Issue of human rights
Sapers said CSC should ensure institutional policies reflect sensitivities to dress, language and pronoun use, and allow inmates to serve their sentences in institutions aligned with their gender identity.
“I think it’s important on a case-by-case basis to evaluate the live circumstances of the individual and apply that to the law, then make a decision that’s based on, really, their human rights,” he said. “That’s what’s being done in other jurisdictions and I think that’s what should be done here.”
Last year, Ontario became the first jurisdiction in Canada to allow inmates to serve their sentences in institutions based on self-identified gender, and to be referred to by their chosen names and preferred pronouns. At the time the provincial government called it “the most progressive policy on the treatment of trans inmates in North America.”
Sex reassignment surgery
British Columbia became the second province to change its policy, and now permits placement according to gender identity.
But at the federal level, offenders who are serving much longer sentences are still placed in institutions based on their gender assignment at birth.

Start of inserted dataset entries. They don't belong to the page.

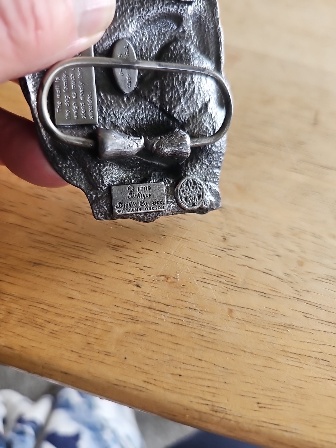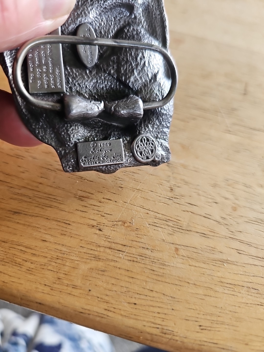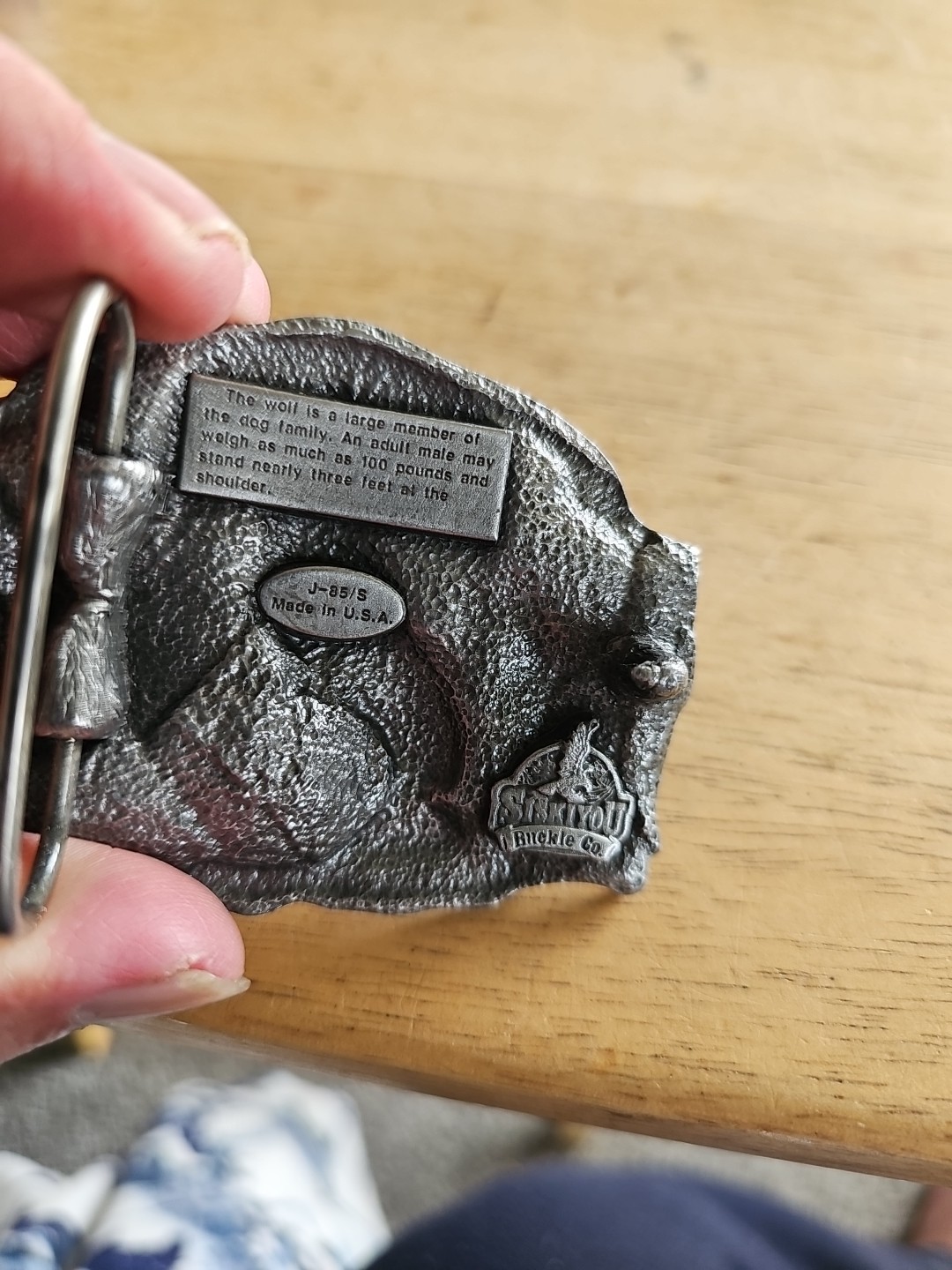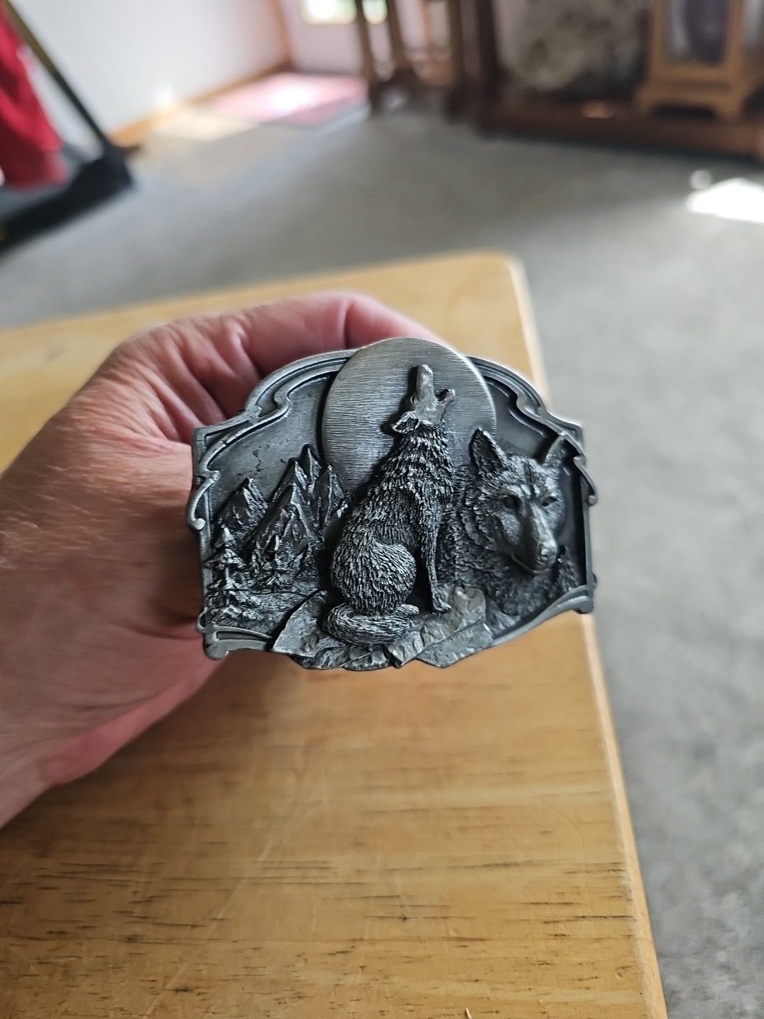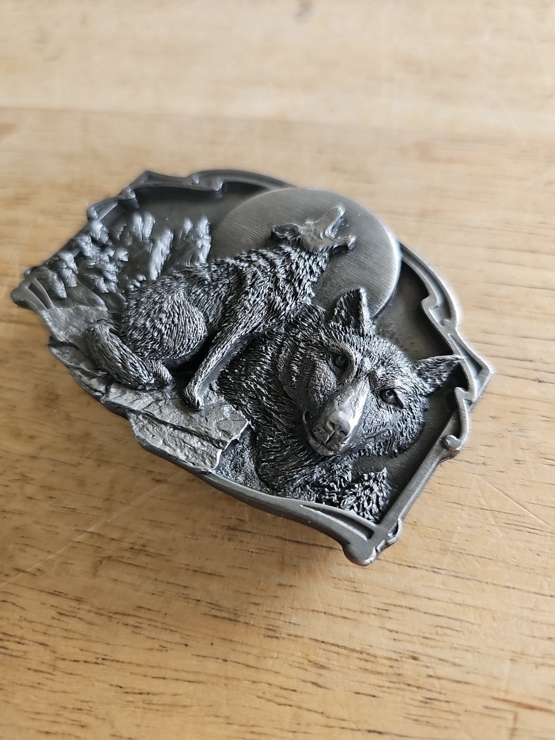 как выглядит Vtg Siskiyou Belt Buckle Howling Wolf at Moon Western 1989 Big Cowboy Rodeo 3.25 фото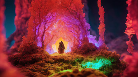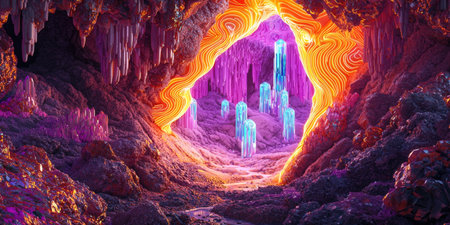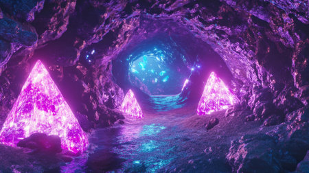 Mesmerizing Glowing Cavern of Otherworldly Crystal Formations in Vibrant Fantasy Landscape A captivating and surreal scene with colorful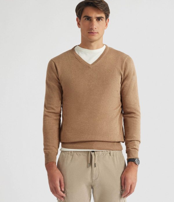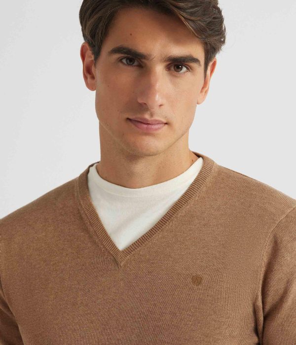 Jersey confeccionado en algodón con cuello de pico, logo de la marca grabado en el frontal al tono y cuello, puños y bajo en acabado ribeteado. Corte regular fit.

To qualify for sex reassignment surgery, the individual must have have lived in the preferred gender role for at least one year prior to incarceration.
CSC spokeswoman Lori Halpern said there are measures in place to ensure facilities “provide a correctional environment that is safe, secure and conducive to all offenders’ rehabilitation.” Policy changes will comply with law and take into account the unique operational context, she said.
Jennifer Metcalfe, a lawyer with the West Coast Prison Justice Society, has filed a human rights complaint against CSC to address what she calls systemic discrimination against federal trans inmates.
She has represented offenders who have endured sexual abuse by guards and other inmates. Many don’t self-identify out of fear of harm or ridicule.
Metcalfe said Canada must urgently update its prison policies to bring them in line with evolving practices in society at large.
“If you’re a woman, you should be in a woman’s prison. If you’re not, then you’re not being treated equally,” she said.
High-profile actress Laverne Cox, of the hit Netflix series Orange is the New Black, has drawn attention to trans rights in her role as Sophia, a transgender inmate in a women’s prison.
Metcalfe has recommended several policy changes, including:
- Placement according to gender identity or housing preference, unless there are over-riding health or safety concerns.
- Required training and education for staff.
- Identifying inmates by their preferred name.
- Permitting clothing and underclothing according to gender identity.
- Allow trans inmates to choose a male or female guard to perform searches.
- Allow inmates to initiate or continue hormone therapy.
- Pay for sex reassignment surgery when recommended as an essential medical service by a health professional.
Earlier this year, Toronto Police Services and correctional officers were ordered to revamp their policies on transgender inmates after making a settlement with an individual who was stripped of men’s clothing, forced into women’s underwear and put into a holding cell for women.
Boyd Kodak filed a complaint with the Ontario Human Rights Commission for “degrading” treatment after he was arrested on Dec. 6, 2012, on harassment charges that were soon dropped by the Crown.